The plurality of plates 330 are stacked so that the first medium space 310 through which the first heat exchange medium flows and the second medium space 320 through which the second heat exchange medium flows alternate And the plate 330 is provided with a first medium inlet 312a and a first medium outlet 312b formed in the form of a through hole so as to introduce and discharge the first heat exchange medium into the first medium space 310, Wow; A first medium tank portion 311 formed in a recessed or protruded shape in the vicinity of the first medium inlet 312a and the first medium outlet 312b to receive and flow the first heat exchange medium; A second medium inlet 322a and a second medium outlet 322b for respectively introducing and discharging the second heat exchange medium into the second medium space 320; And a second medium tank portion (321) formed in a recessed or protruded shape in the vicinity of the second medium inlet (322a) and the second medium outlet (322b) to receive and flow the second heat exchange medium And is in the form of a plate heat exchanger. At this time, the additional heat exchanger (300) is characterized in that the first heat exchange medium and the second heat exchange medium are cooling water for cooling the whole electric and cooling water for engine cooling, cooling water for engine cooling and cooling water for electric cooling.

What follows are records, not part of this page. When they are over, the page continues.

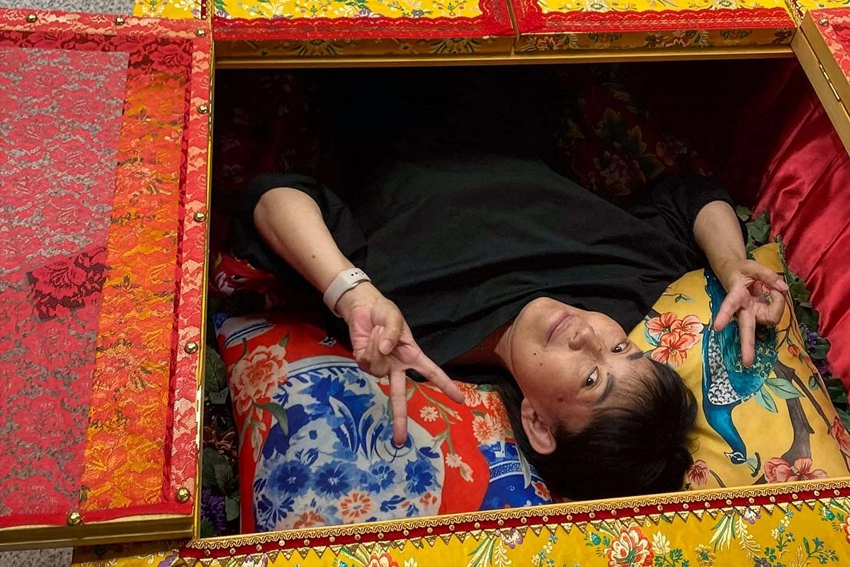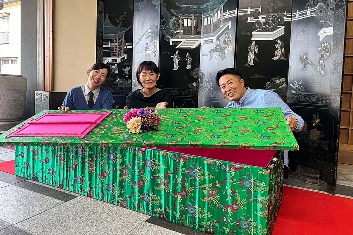 Visitors experience the unique ‘coffin-lying’ service at Kajiya Honten, a 120-year-old funeral home in Futtsu. Guests lie in one of three beautifully floral-printed coffins, in vibrant colors like gold, green, and yellow, for a reflective meditation on life and mortality.
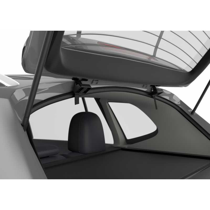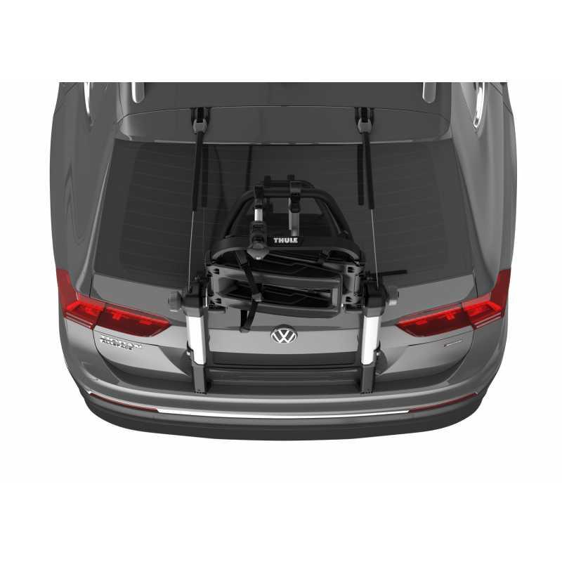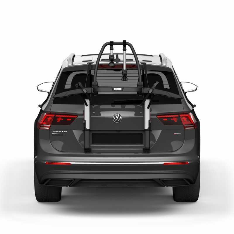 Nosič se připevňuje za horní a spodní hranu zadních dveří pomocí rychloupínacího systému s mechanismem omezujícím moment utažení, což zajišťuje pevné a bezpečné uchycení bez poškození vozu. Dvojité háky a pryžové ochranné podložky chrání lak vozidla. Kola se upevňují pomocí nastavitelných držáků a růžic s omezovačem utažení Thule AcuTight, který cvakne při optimálním dotažení. Popruhy s přezkami pevně fixují ráfky kol.
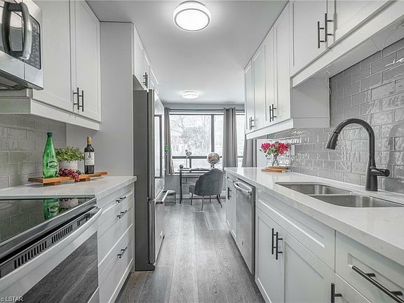 Don't miss out on owning this 2 bedroom move-in ready condo or use it as an investment property. A spacious unit featuring a living room, kitchen with dining area, 4-pc bathroom, in suite laundry, ample storage and closet space. This beautiful unit has had many recent upgrades in Feb 2020 including new kitchen cabinets with large pantry and quartz countertop, luxury vinyl plank flooring, bathroom, lights, stainless steel kitchen appliances and upgraded doors. This building is in a prime location with being next door to plaza with grocery store and restaurants. Close to Western University and Fanshawe College, transit and downtown. You can go for a walk in historic Old North. Just when you think it couldn't get better, the hot water heater is owned and the condo fee includes water!
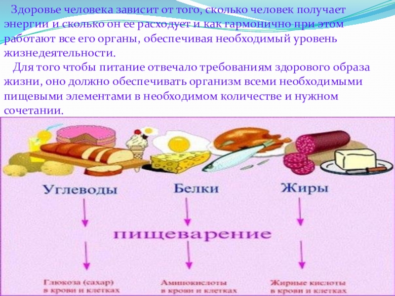 Слайд 8 Здоровье человека зависит от того, сколько человек получает энергии
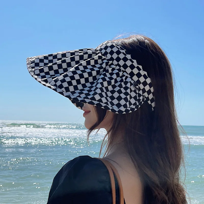 checkerboard gradient hat Summer lady Empty hats Sun Visor Hat Summer Wide Brim Sun Caps UV Protection Hat For women Beach hat
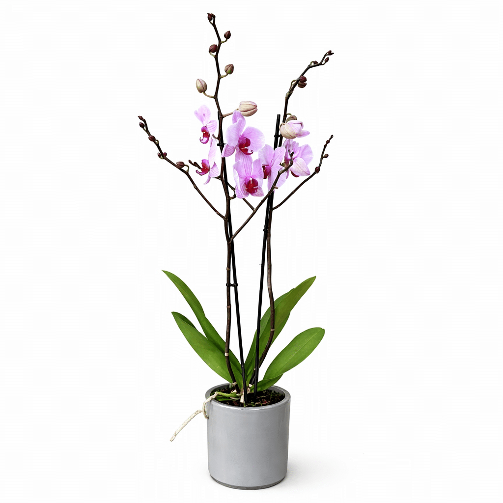מגיע בכלי קרמי בגוון אפור מינימליסטי, המשלים את הפריחה ומדגיש את האלגנטיות של הסחלב.

According to the present invention, in a driving section cooling system of a hybrid vehicle divided into an engine cooling loop and an electric-field cooling loop, and each of the cooling-water operating environments being considerably different from each other, the cooling water circulating through the engine cooling loop and the electric- The cooling efficiency of the driving unit cooling system is maximized by maximizing the system efficiency of the driving unit cooling system. Therefore, according to the present invention, it is possible to perform engine / electric-field integrated heat management of a driving unit cooling system in a hybrid vehicle.

In addition, since the system efficiency is increased as compared with the conventional system, the performance required for the heat exchanger provided in each cooling loop, particularly, the engine radiator can be reduced compared with the conventional one, and the cooling module can be made more compact and compact .

1 is a driving system cooling system of a conventional hybrid vehicle.
2 is a driving system cooling system of a hybrid vehicle according to the present invention.
3 is an embodiment of an operating environmental condition of a driving unit cooling system of a hybrid vehicle of the present invention.
4 is a view of one embodiment of the additional heat exchanger of the present invention.

Hereinafter, a cooling system for a hybrid vehicle according to the present invention will be described in detail with reference to the accompanying drawings.

Fig. 2 shows a cooling system of the hybrid automotive drive unit of the present invention. The cooling system 1000 for a hybrid vehicle according to the present invention includes an electric cooling loop 100 and an engine cooling loop 200 and an additional heat exchanger 300 and a flow control means 350 for connecting and combining the electric cooling cooling loop 100 and the engine cooling loop 200. The basic construction of the electric-field cooling loop 100 and the engine cooling loop 200 is the same as that of a general driving-unit cooling loop. The electric-field cooling loop 100 includes an electric-field radiator 110 to cool the electric component 120 by circulating cooling water. The engine cooling loop 200 includes an engine radiator 210 to cool the electric component 120, And the engine 220 is cooled. In this case, the engine radiator 210 is disposed in parallel with the full-length radiator 110 in parallel to the air blowing direction, and the engine radiator 210 and the engine radiator 210 And a fan 500 for blowing air to the air blower 210.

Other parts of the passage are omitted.